使用熊猫读取一些txt文件时遇到问题。
我的文件内容如下所示。
WNS 01.20
57039 108.8833 34.0833 445.8 LC 20150322120000
OOBS
00100 ///// ///// ////// /// /// ////////
00160 216.3 003.7 0006.5 100 100 -1.2E+02
00220 258.9 006.7 0006.6 100 100 -1.3E+02
00280 263.9 007.9 0006.6 100 100 -1.3E+02
前3行不是我想要的,因此我将其忽略。因此,我从“ 00100”行开始读取,有些行没有数据,它将显示为“ ////”,可以在任何行中。
下面是我的代码
import pandas as pd
data = pd.read_table(PathofMYFILE, delim_whitespace=True, skiprows=[0, 1, 2], header=None, comment='/')

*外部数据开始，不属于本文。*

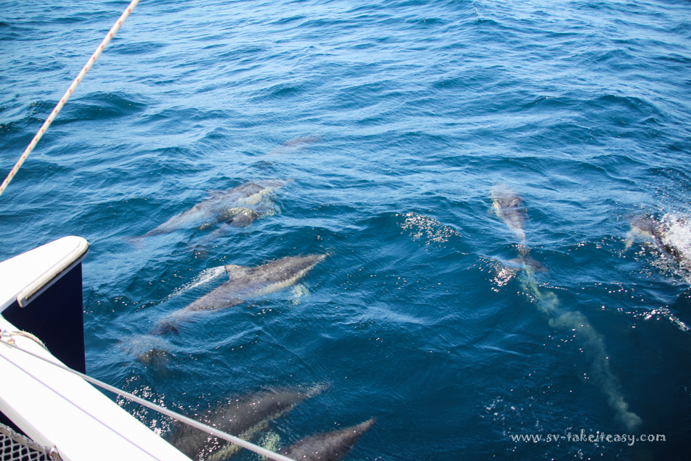 We have also noticed that dolphins seem to like it best and stay with the boat the longest when we are sailing at a steady pace. They are really fast swimmers, clocking over 30km/h!  If we are too slow, they appear briefly, then suddenly they are gone.

当“ ////”不在“ 00100”(实际上是第一行)中显示时(如果有“ ///”,我想要的就是NaN),它会很好地工作。
但是,我们可以看到在此文件的第一行中显示了“ ///”,然后出现了错误:
File "D:\Anaconda3\lib\site-packages\pandas\io\parsers.py", line 655, in parser_f
return _read(filepath_or_buffer, kwds)
File "D:\Anaconda3\lib\site-packages\pandas\io\parsers.py", line 411, in _read
data = parser.read(nrows)
File "D:\Anaconda3\lib\site-packages\pandas\io\parsers.py", line 1005, in read
ret = self._engine.read(nrows)
File "D:\Anaconda3\lib\site-packages\pandas\io\parsers.py", line 1748, in read
data = self._reader.read(nrows)
File "pandas/_libs/parsers.pyx", line 890, in pandas._libs.parsers.TextReader.read (pandas\_libs\parsers.c:10862)
File "pandas/_libs/parsers.pyx", line 912, in pandas._libs.parsers.TextReader._read_low_memory (pandas\_libs\parsers.c:11138)

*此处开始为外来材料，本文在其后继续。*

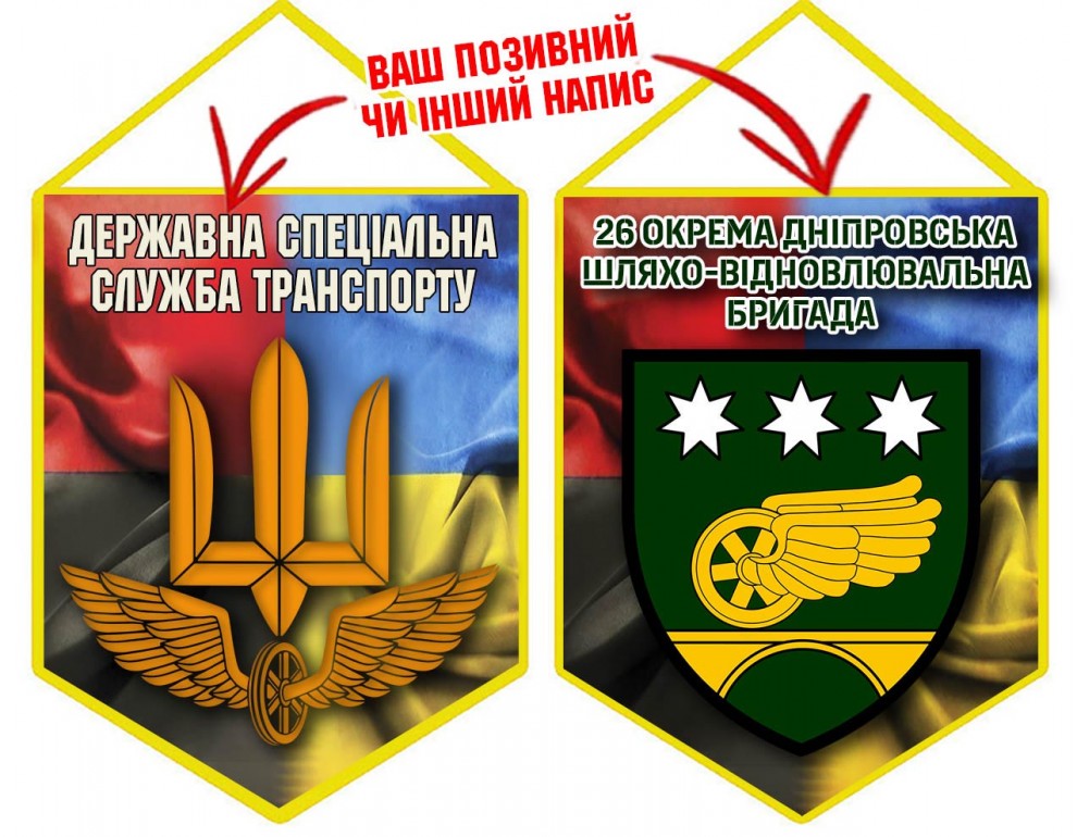 Варіант вимпелу з шевроном 26 окрема шляхо-відновлювальна бригада Державна спеціальна служба транспорту

File "pandas/_libs/parsers.pyx", line 966, in pandas._libs.parsers.TextReader._read_rows (pandas\_libs\parsers.c:11884)
File "pandas/_libs/parsers.pyx", line 953, in pandas._libs.parsers.TextReader._tokenize_rows (pandas\_libs\parsers.c:11755)
File "pandas/_libs/parsers.pyx", line 2184, in pandas._libs.parsers.raise_parser_error (pandas\_libs\parsers.c:28765)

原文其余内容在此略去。